El Ministerio del Tiempo 9 - "Tiempo de Leyenda" (con spoilers)


Con el póster diseñado para el capítulo por Sergio Iniesta (fanmade pero, como otros, pronto disponible en la tienda de RTVE), abrimos ya oficialmente la segunda temporada de El Ministerio del Tiempo. Había muchas ganas de ver "Tiempo de Leyenda", alias "el episodio del Cid", del que se empezó a hablar casi en el momento que se confirmó que existiría esta segunda tanda de episodios, máxime tras el pre-estreno del mismo en un cine de Madrid la semana pasada 

"Tiempo de Leyenda", coescrito por Javier Olivares y Diana Rojo y dirigido por Marc Vigil, es un título que se refleja en el episodio que le precede, "La Leyenda del Tiempo", y no es algo accidental ni meramente estético. Una buena parte de la trama circula alrededor de las consecuencias de lo que ocurrió en el final de temporada: la caída en desgracia de Julián e Irene, la dinámica dentro de la Patrulla, las crisis del Ministerio. No se trata sencillamente de seguir adelante, sino de tomar lo que ha ocurrido como una plataforma, como un punto de partida para que tanto las historias de los personajes como sus personalidades puedan evolucionar de manera fiel e interesante. Amelia está más segura como líder de la Patrulla, Alonso ya acepta su mando pero sigue siendo fiel a sus principios, Julián sale del callejón al que había llegado y toma un nuevo rumbo.

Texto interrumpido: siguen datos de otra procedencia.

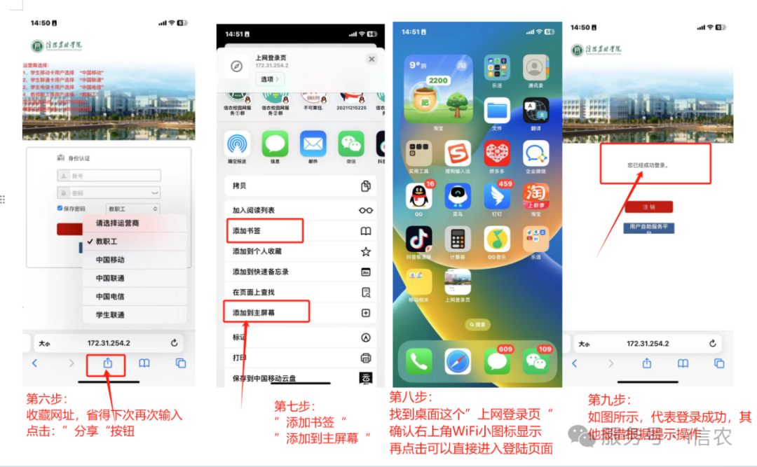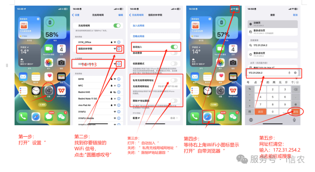 苹果11型号iOS 17 版本示例:打开【设置】—找到【无线局域网】点击—开启【无线局域网】—找到要连接的WiFi信号(比如“信阳农林学院”或“13-110”举例)—点击WiFi后边的【圆圈感叹号】—找到【私有无线局域网地址】选择关闭—点击【允许跟踪】—确认【右上角WiFi小图标】显示—打开【自带浏览器】—【网址输入栏输入:172.31.254.2】—点击【前往或搜索】—跳转到【登陆页面】点击分享按钮【添加书签】或【添加到主屏幕】方便下次登录,打开认证页面【账号:学号或工号】【密码:默认身份证后6位】—勾选【记住密码】—【选择对应运营商】点击登录—显示【您已成功登录】,代表登陆成功,其他报错信息请按照报错提示信息处理。
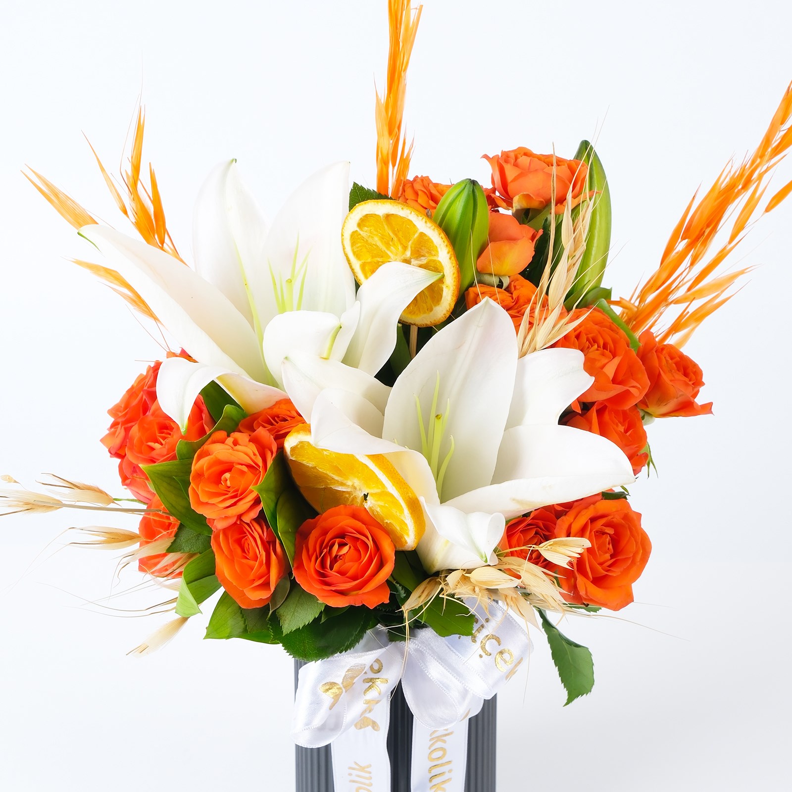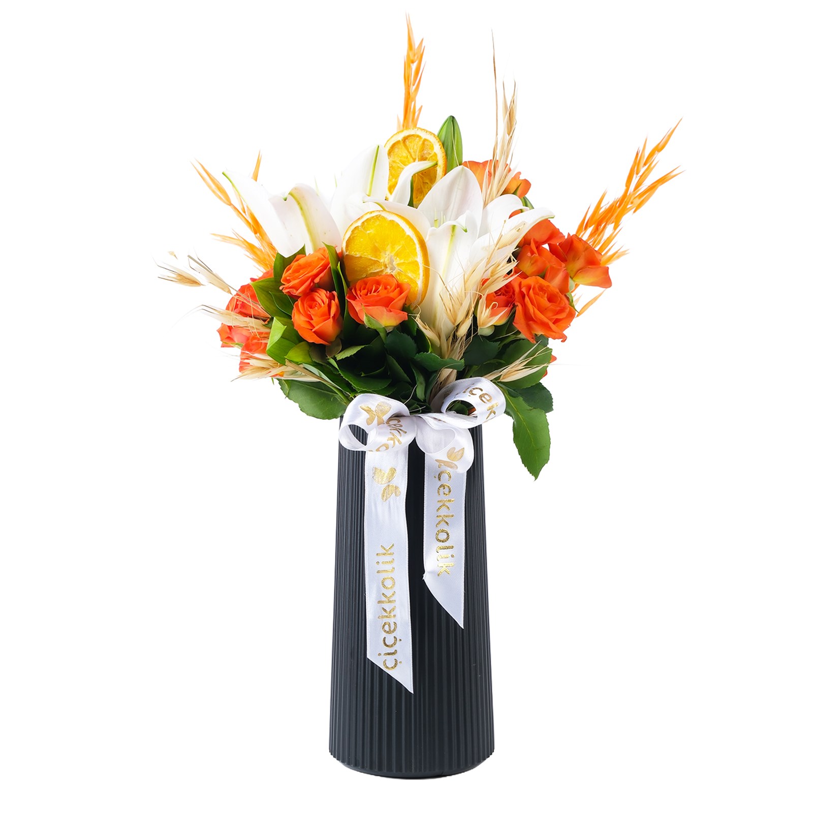 Turuncu Gül ve Beyaz Lilyum'un suya temas eden kısımlarını her gün tazeleyin. Daha fazla bilgi için Çiçek bakım rehberi sayfasına göz atabilirsiniz.

Pero además, cómo aquel, éste capítulo habla de un agente del Ministerio que viaja al pasado para tratar de hacer algo en principio prohibido: corregir la muerte de alguien. Nada menos que El Cid Campeador. Rogelio Buendía (Sergio Peris-Mencheta), agente del Ministerio de 1960, provoca accidentalmente la muerte del legendario héroe castellano en 1079, 20 años antes de lo que le toca, y decide con la connivencia de su jefe (estupenda la fugaz aparición de Carles Flavià como subsecretario de la época franquista), no decir nada a nadie y suplantarlo a partir de ese momento. El Ministerio de 2015, que no sabe nada de todos estos manejes, investiga por su parte la aparición de dos supuestas tumbas del Cid en lugares distintos y viaja a 1099 para tratar de descubrir la verdad...

Explicado así suena muy fácil, pero Olivares, Rojo y Vigil dosifican la información inteligentemente a lo largo del episodio para mantener la intriga lo suficiente, e incluso cuando se descubre el misterio aún quedan suficientes hilos de los que tirar para que la historia siga atrapando al espectador: el caso y la conciliación de las dos versiones del Cid (el mercenario histórico y el héroe romántico) acaba siendo casi un McGuffin, porque lo que de verdad interesa no es la explicación sino lo que lleva a los personajes a crearla. La influencia de la leyenda en el carácter de unos hombres que son capaces de anteponer el deber a sus vidas. La ficción como inspiración, la ficción elevada a ADN nacional.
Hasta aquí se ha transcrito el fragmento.